■ INSTRUCTIONS TO FOLLOW
Set down exactly the lines running from the one with "Presa e spina" to the last line of the listing below, both included, and skip every picture.

■ SUPPLIED DATA
- - - -

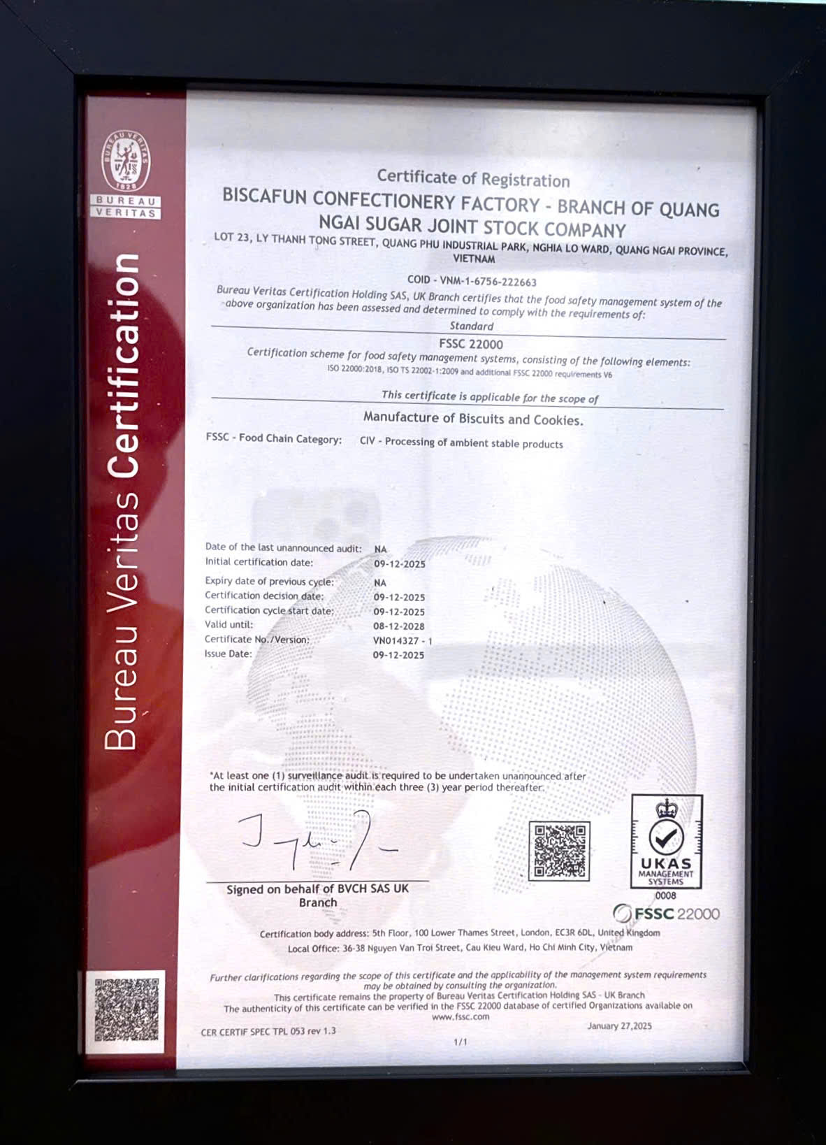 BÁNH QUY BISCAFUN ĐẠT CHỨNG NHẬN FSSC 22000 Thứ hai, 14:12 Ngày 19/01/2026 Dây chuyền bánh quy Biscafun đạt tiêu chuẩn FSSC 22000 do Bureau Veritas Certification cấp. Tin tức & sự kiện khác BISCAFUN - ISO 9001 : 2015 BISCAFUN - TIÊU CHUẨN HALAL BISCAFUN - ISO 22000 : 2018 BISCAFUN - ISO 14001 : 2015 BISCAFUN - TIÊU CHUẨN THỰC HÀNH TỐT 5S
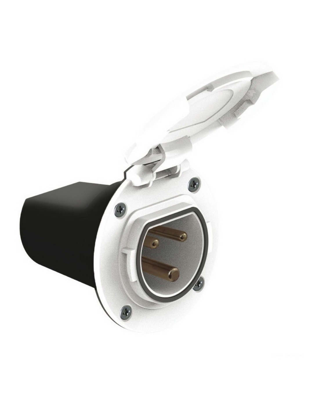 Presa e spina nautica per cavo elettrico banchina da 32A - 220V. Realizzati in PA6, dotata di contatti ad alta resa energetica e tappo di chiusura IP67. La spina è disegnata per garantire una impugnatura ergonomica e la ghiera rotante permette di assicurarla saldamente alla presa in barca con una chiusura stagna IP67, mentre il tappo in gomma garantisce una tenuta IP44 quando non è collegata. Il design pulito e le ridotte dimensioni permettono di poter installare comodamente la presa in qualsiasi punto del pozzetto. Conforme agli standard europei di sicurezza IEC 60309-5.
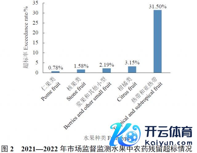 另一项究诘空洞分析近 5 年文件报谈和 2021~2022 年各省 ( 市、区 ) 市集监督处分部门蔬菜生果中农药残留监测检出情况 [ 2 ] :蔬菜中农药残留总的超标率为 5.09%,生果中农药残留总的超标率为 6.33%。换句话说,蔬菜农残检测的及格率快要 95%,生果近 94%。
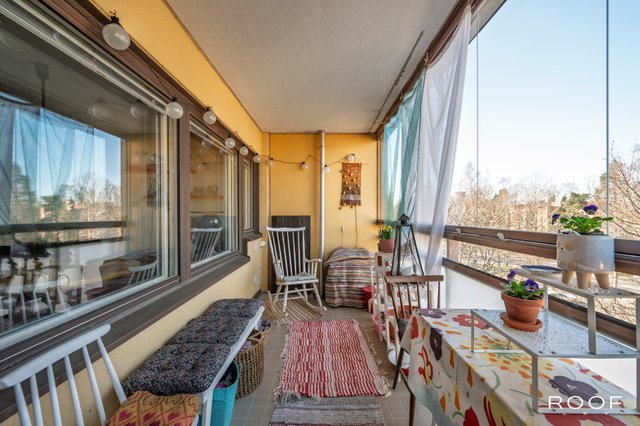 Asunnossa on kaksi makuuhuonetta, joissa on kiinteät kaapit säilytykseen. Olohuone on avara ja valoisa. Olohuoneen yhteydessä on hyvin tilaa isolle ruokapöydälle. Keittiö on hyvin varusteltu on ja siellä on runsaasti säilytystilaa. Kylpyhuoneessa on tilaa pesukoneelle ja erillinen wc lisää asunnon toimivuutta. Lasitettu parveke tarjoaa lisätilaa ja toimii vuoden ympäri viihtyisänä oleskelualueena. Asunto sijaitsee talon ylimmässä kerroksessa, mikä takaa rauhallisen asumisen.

- - - -

■ SOLUTION TO THE PROBLEM
 Presa e spina nautica per cavo elettrico banchina da 32A - 220V. Realizzati in PA6, dotata di contatti ad alta resa energetica e tappo di chiusura IP67. La spina è disegnata per garantire una impugnatura ergonomica e la ghiera rotante permette di assicurarla saldamente alla presa in barca con una chiusura stagna IP67, mentre il tappo in gomma garantisce una tenuta IP44 quando non è collegata. Il design pulito e le ridotte dimensioni permettono di poter installare comodamente la presa in qualsiasi punto del pozzetto. Conforme agli standard europei di sicurezza IEC 60309-5.
 另一项究诘空洞分析近 5 年文件报谈和 2021~2022 年各省 ( 市、区 ) 市集监督处分部门蔬菜生果中农药残留监测检出情况 [ 2 ] :蔬菜中农药残留总的超标率为 5.09%,生果中农药残留总的超标率为 6.33%。换句话说,蔬菜农残检测的及格率快要 95%,生果近 94%。
 Asunnossa on kaksi makuuhuonetta, joissa on kiinteät kaapit säilytykseen. Olohuone on avara ja valoisa. Olohuoneen yhteydessä on hyvin tilaa isolle ruokapöydälle. Keittiö on hyvin varusteltu on ja siellä on runsaasti säilytystilaa. Kylpyhuoneessa on tilaa pesukoneelle ja erillinen wc lisää asunnon toimivuutta. Lasitettu parveke tarjoaa lisätilaa ja toimii vuoden ympäri viihtyisänä oleskelualueena. Asunto sijaitsee talon ylimmässä kerroksessa, mikä takaa rauhallisen asumisen.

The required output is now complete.